This piece is written by Jonathan Roe Thrive’s CEO, and is the fifth in a series that shines a light on the Thrive Teacher Workload Charter. Along with our headteacher team, we have devised 11 statements that will help manage workload so that great teachers still have the energy to be great family members and great friends.
In April 2023 the DfE published the findings of the study Working Lives of Teachers (wave 1) (April 2023) reported that 53% of teachers said that they spent too much time on work to do with data. In February this year the DfE published Working Lives of Teachers (wave 2) (February 2024) and the proportion of teachers unhappy with the data element of their workload had risen to 56%. Meanwhile, Thrive teachers reported 19% (Summer 2022) and 22% (Summer 2023). So our teachers generally feel better about the workload that arises from data recording, input and analysis. Here’s my analysis!
The point of collecting all this data is evaluation
What we mean by recording, inputting and analysing is important. This came up in a recent union meeting discussing 1265 calculations. We agreed that recording and inputting were generally clerical jobs. Analysis meant generating graphs, charts, tables, trends, and was best carried out by the data management system (put those pocket calculators away, be they tangible or on-screen). We also agreed that sometimes teachers find it less of a workload burden if they input data themselves where their professional judgement is being used about a pupil’s attainment. This avoids them recording data in one place (i.e. inputting it) into a spreadsheet, or on apiece of paper, to then have someone else input it or upload it into our data management system. So by reducing the amount of time spent on the clerical and calculation end of things teachers can get on with the job of evaluating the data, finding out what went well, what didn’t, and what we are going to do differently next time.
Have as few data management systems as possible - ideally one
If we can find one data solution to many problems let’s do it. An example of this would be primary school colleagues using Arbor to record their termly summative assessment data. We do ask teachers to record and input the data (one grade per child per subject), but Arbor does the analysis leaving time for teachers to do the evaluation. Nesting data management inside the self same system for logging attendance and behaviour makes total sense and takes away the need to remember umpteen usernames and passwords. Smart analyses of attainment (absolute and predicted), alongside trends in behaviour and attendance makes coherent sense.
Beyond your MIS - have a great data manager armed with PowerBI
Arbor is our MIS, but it can only go so far. If we want to look at attendance over time, or attainment for pupils with SEND, or even the attainment of SEND pupils within a certain attendance banding, we are now relying on bespoke in house analysis via PowerBI driven by Arbor data. We’ve been doing this for almost a year now and the analysis is smarter and smarter as a result. Using PowerBI has been of incredible benefit from the point of view of leaders, attendance leads, admin staff and increasingly teachers.

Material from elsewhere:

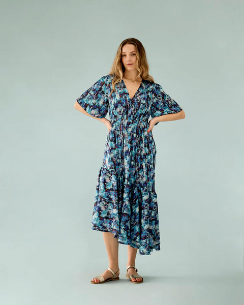 Kimbo Dress - Blue Abstract Paint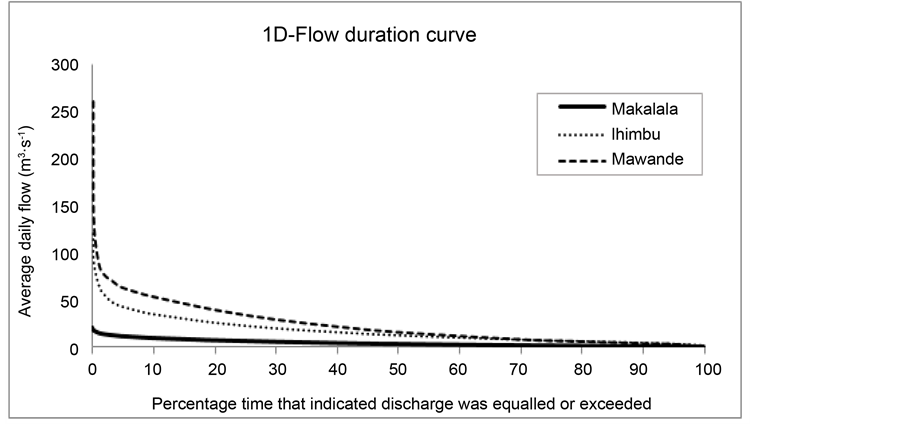 In this study the FDC percentage points were calculated from the average daily flows data after filling gaps in the time series. The daily flow duration curves at Makalala, Ihimbu and Mawande are presented in Figure 8. The general outlook reveals steep slope for high flows (say at <Q5) indicating flushing catchment. Such phenomena could be attributable to change in land use and land cover. The results further indicate that for flow less that Q95 the river is almost at bed level. This means that water abstractions must be regulated to ensure the ecological integrity of the river. An environmental flow assessment will provide more guides on how to address this requirement.

Have 3 times a year data drops, and be aware of data rich year groups
If only the workload from data collection was consistent across all year groups, but it’s not, there are pinch points. Reception class teachers have the nightmare start in September followed by an, in my view, overly complex curriculum that generates a kind of data necessity. Then there are other moments where statutory data needs managing - phonics in Y1/2, Y6 and especially Y11 when mocks get involved. Having 1265 conversations with union colleagues gets interesting around this issue, but there is always a way through it, mainly through giving data management time in directed time.
Survey staff - listen, act and feed back
There is a staff survey happening right now across all staff. I am really hoping that the proportion of teachers responding to the data question shows that even fewer think there is too much of it. If that happens I’ll be delighted. But whether it does or it doesn’t, we will listen some more and seek new ways forward.
Summary:
Use one system that can deal with multiple disciplines wherever possible;
Data drop 3 times a year;
Ensure that teachers are focused on data evaluation.